Sim像面 St孔徑光闌 Q2第一透鏡l 1的像側的面的中心 X2第一透鏡L1的像側的面的有效直徑端的點 P2點X2的透鏡面的法線和光軸z的交點 RX2曲率半徑 11遮光機構 CQ2通過點Q2且以光軸上的點為中心的圓 CX2通過點X2且以光軸上的點為中心的圓 100汽車 1〇1、1〇2車外攝影機1〇3車内攝影機 R1第一透鏡L1的物側的面的中心的曲率半徑 R2第一透鏡L1的像側的面的中心的曲率半徑 R3第二透鏡L2的物側的面的中心的曲率半徑 39 M368071 R4第二透鏡L2的像側的面的中心的曲率半徑 R6第二透鏡L3的物側的面的中心的曲率半徑 R7第二透鏡L3的像側的面的中心的曲率半徑 R8光學部件PP的物側的面的中心的曲率半^ R9光學部件PP的像側的面的中心的曲率半^ D1第一透鏡的中心厚度 D2第透鏡L1和第二透鏡L2的光軸上的空氣間隔 D3第二透鏡L2的中心厚度 D4第二透鏡L2和孔徑光圈St的光軸上的空氣間隔 D5孔徑光圈St和第三透鏡L3的光軸上的空氣間隔 D6第三透鏡L3的中心厚度 D7第三透鏡L3和第四透鏡L4的光軸上的空氣間隔 D8光學部件ρρ的中心厚度 D9光學部件pp和攝影元件的光軸上的空氣間隔Sim image surface St aperture stop Q2 Center X2 of the image side surface of the first lens l 1 The point P2 of the effective diameter end of the image side surface of the first lens L1 and the intersection of the normal of the lens surface and the optical axis z of the optical axis z The radius of curvature 11 of the light-shielding mechanism CQ2 passes through the point Q2 and the circle CX2 centered on the point on the optical axis passes through the point X2 and is centered on the point on the optical axis.
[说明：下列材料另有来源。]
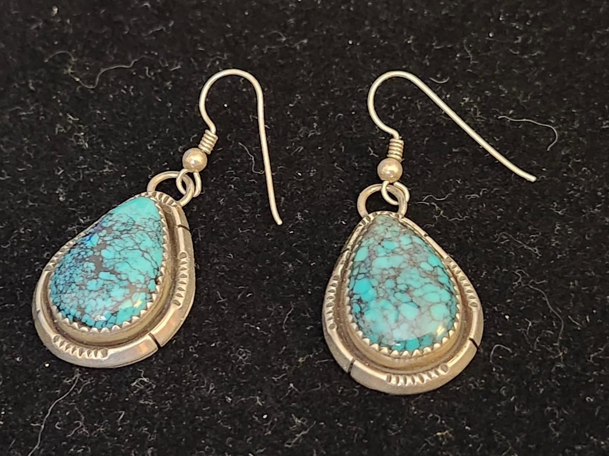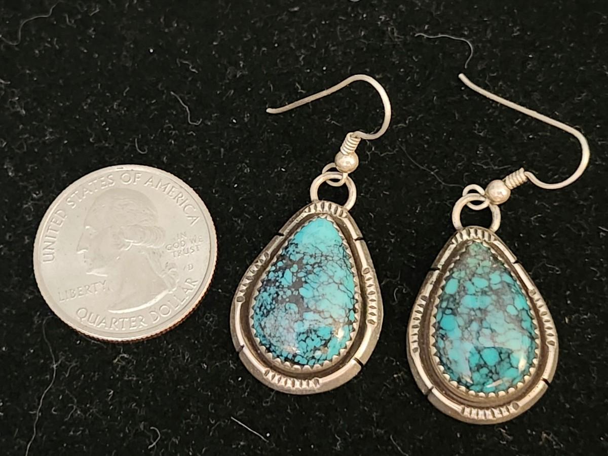 High grade turquoise set in sterling silver, this is probably from the Kingman mine.

The car 1〇1, 1〇2 the outside camera 1〇3 inside the car The radius of curvature R2 of the center of the surface on the object side of the first lens L1 of the camera R1, the radius of curvature R3 of the center of the surface of the image side of the first lens L1, and the radius of curvature of the center of the surface of the object side of the second lens L2 39 M368071 R4 The radius of curvature R6 of the center of the image side surface of the second lens L2, the radius of curvature R7 of the center of the object side surface of the second lens L3, and the curvature radius R8 of the center of the image side surface of the second lens L3. Curvature of the center of the face half ^R9 The curvature of the center of the face of the image side of the optical member PP half D1 The center thickness D1 of the first lens D2 The air gap D3 of the first lens L1 and the second lens L2 The second lens Center thickness of L2 D4 Air space on the optical axis of the second lens L2 and the aperture stop St D 5 Air gaps on the optical axis of the aperture stop St and the third lens L3 D6 The center thickness D7 of the third lens L3 The air gap on the optical axis of the third lens L3 and the fourth lens L4 D8 The optical thickness of the optical member ρρ D9 optical The air gap on the optical axis of the component pp and the photographic element

Claims (1)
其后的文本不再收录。